La paradoja actual es desoladora: nunca el país ha tenido tantos profesionales formados en el exterior, con doctorados en las mejores universidades, y nunca ha tenido tan poca capacidad para ofrecerles un lugar donde desarrollar su trabajo. Mientras, en el interior, las universidades públicas luchan por mantener sus servicios básicos y los laboratorios se deterioran sin posibilidad de reparación. La economía, dependiente de la extracción de recursos y de la importación de bienes finales, no genera la demanda de innovación que podría revertir el ciclo.
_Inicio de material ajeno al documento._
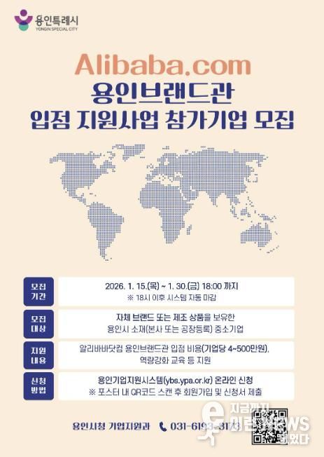 이런뉴스(e-runnews) 김삼성 기자 | 용인특례시는 오는 1월 30일까지 B2B(기업 간 거래) 플랫폼 알리바바닷컴 내 ‘용인브랜드관’(YoGo) 입점 참가기업을 모집한다고 20일 밝혔다.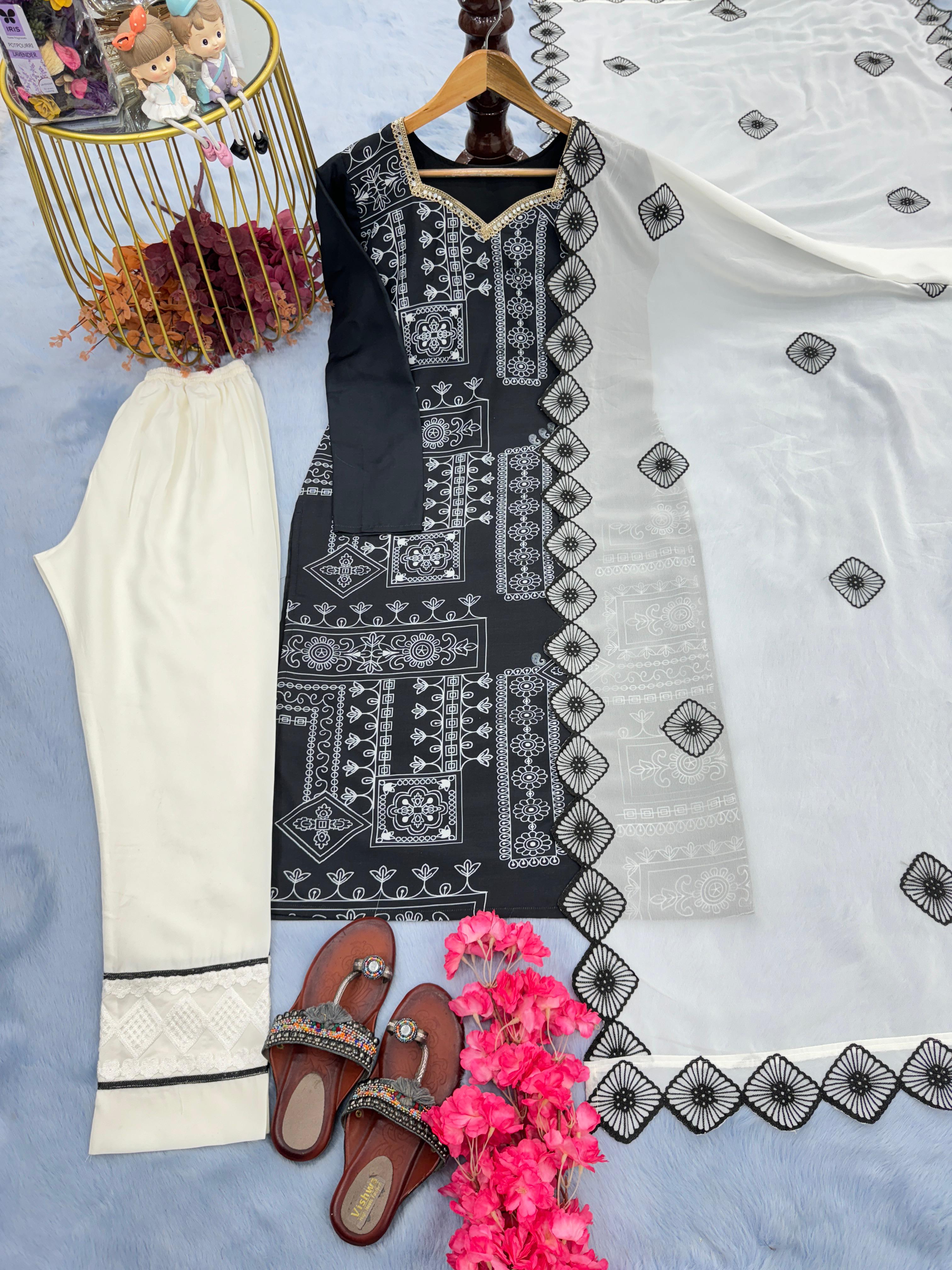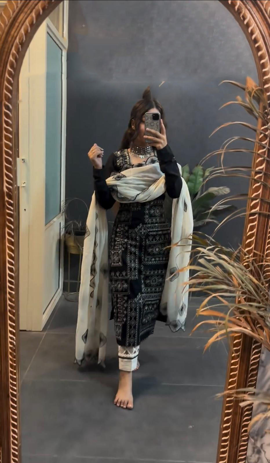 | WORK | Digital Print With Riyal Mirror Hand Work With Sleeves |

Para salir de este atolladero, se requiere un diagnóstico honesto: no hay un enemigo exterior ni una conspiración que explique todo; hay una responsabilidad histórica compartida en la construcción de un modelo que nunca hizo de la ciencia una prioridad real. El camino hacia adelante exige un pacto que trascienda las trincheras ideológicas, que reconozca el conocimiento como un bien público superior y que se comprometa con la continuidad de las políticas, más allá de los vaivenes electorales. Mientras no se asuma esta verdad incómoda, el debate seguirá girando en círculo, y el atraso, lejos de resolverse, se consolidará como un rasgo estructural de la nación, un espejo de su incapacidad para proyectarse hacia el futuro con inteligencia y voluntad colectiva.